*EXERCISE OBJECTIVE*. Copy exactly, no pictures: every line from the one that contains "Create your own" through the end of the entries below.

[Entries taken from a collection]

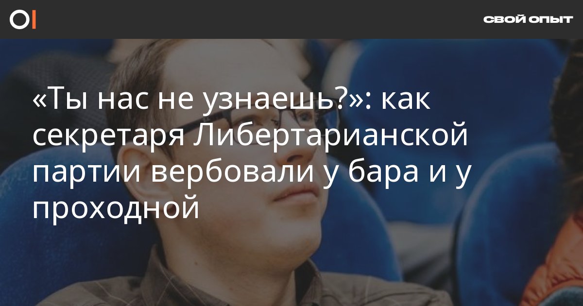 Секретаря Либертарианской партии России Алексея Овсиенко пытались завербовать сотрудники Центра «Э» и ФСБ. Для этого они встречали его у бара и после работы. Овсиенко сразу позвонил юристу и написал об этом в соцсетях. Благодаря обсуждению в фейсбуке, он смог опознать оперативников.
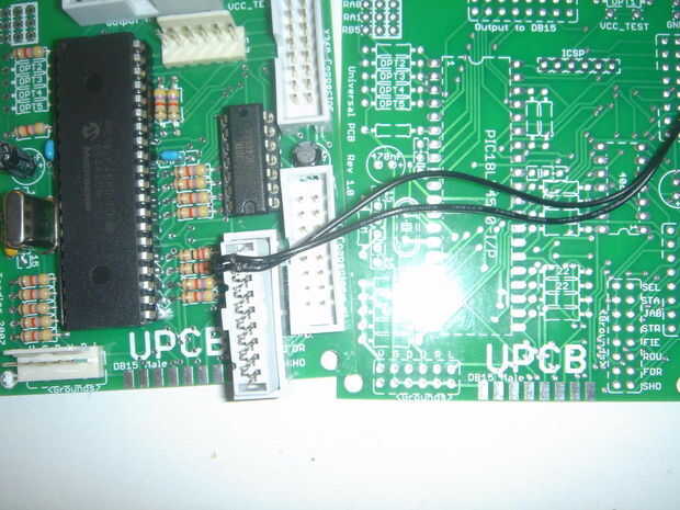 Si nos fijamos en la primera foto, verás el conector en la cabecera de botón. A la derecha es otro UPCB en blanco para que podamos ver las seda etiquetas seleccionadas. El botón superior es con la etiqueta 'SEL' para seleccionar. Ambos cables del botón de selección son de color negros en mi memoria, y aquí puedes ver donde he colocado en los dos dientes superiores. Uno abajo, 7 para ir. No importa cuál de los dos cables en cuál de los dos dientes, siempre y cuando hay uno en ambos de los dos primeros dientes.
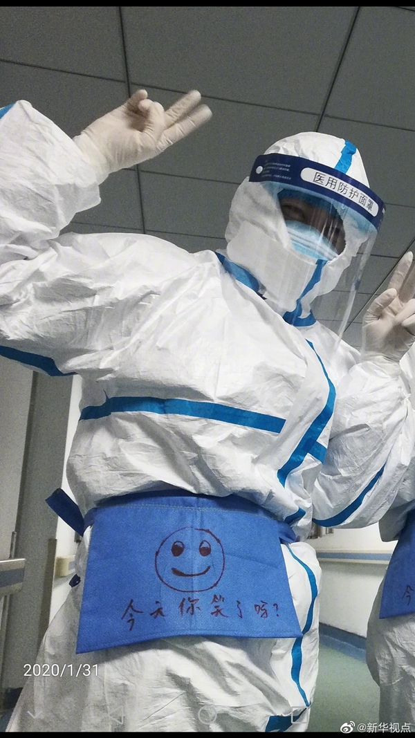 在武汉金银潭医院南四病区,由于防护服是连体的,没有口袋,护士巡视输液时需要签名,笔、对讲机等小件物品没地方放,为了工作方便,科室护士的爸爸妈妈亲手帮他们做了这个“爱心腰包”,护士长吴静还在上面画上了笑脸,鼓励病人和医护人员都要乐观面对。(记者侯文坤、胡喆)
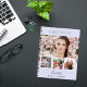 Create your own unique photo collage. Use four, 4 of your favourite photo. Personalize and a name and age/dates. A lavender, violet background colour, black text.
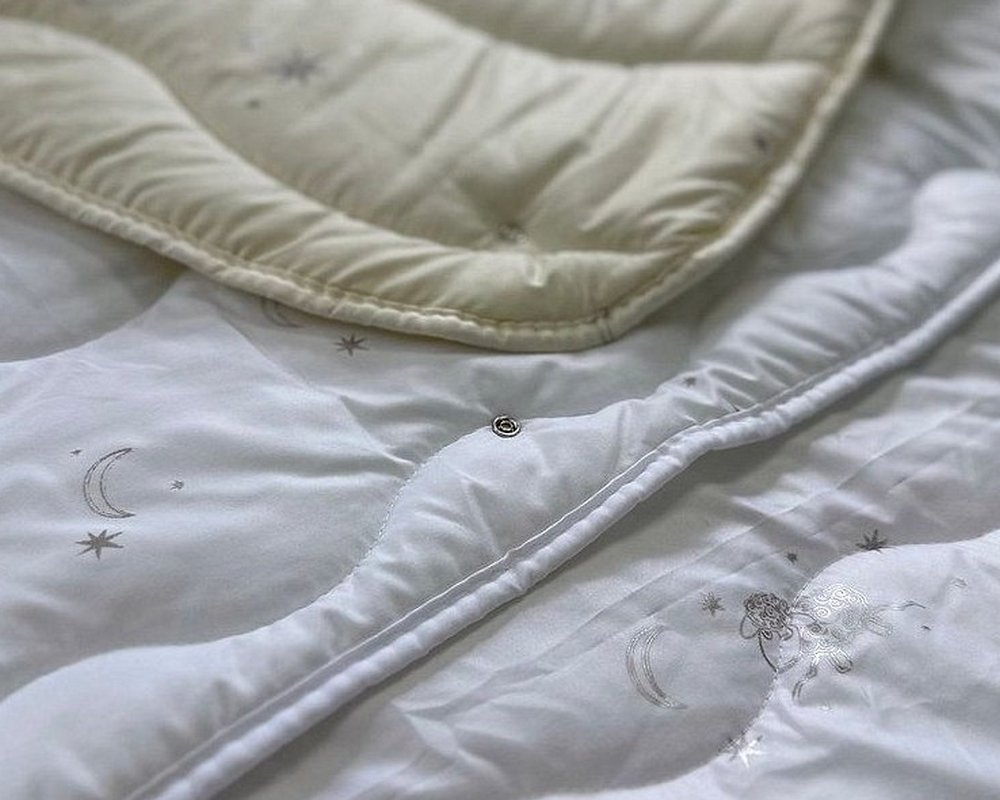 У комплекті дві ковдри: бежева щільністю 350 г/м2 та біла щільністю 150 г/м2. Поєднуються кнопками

*ANSWER TO THIS PROBLEM*.
 Create your own unique photo collage. Use four, 4 of your favourite photo. Personalize and a name and age/dates. A lavender, violet background colour, black text.
 У комплекті дві ковдри: бежева щільністю 350 г/м2 та біла щільністю 150 г/м2. Поєднуються кнопками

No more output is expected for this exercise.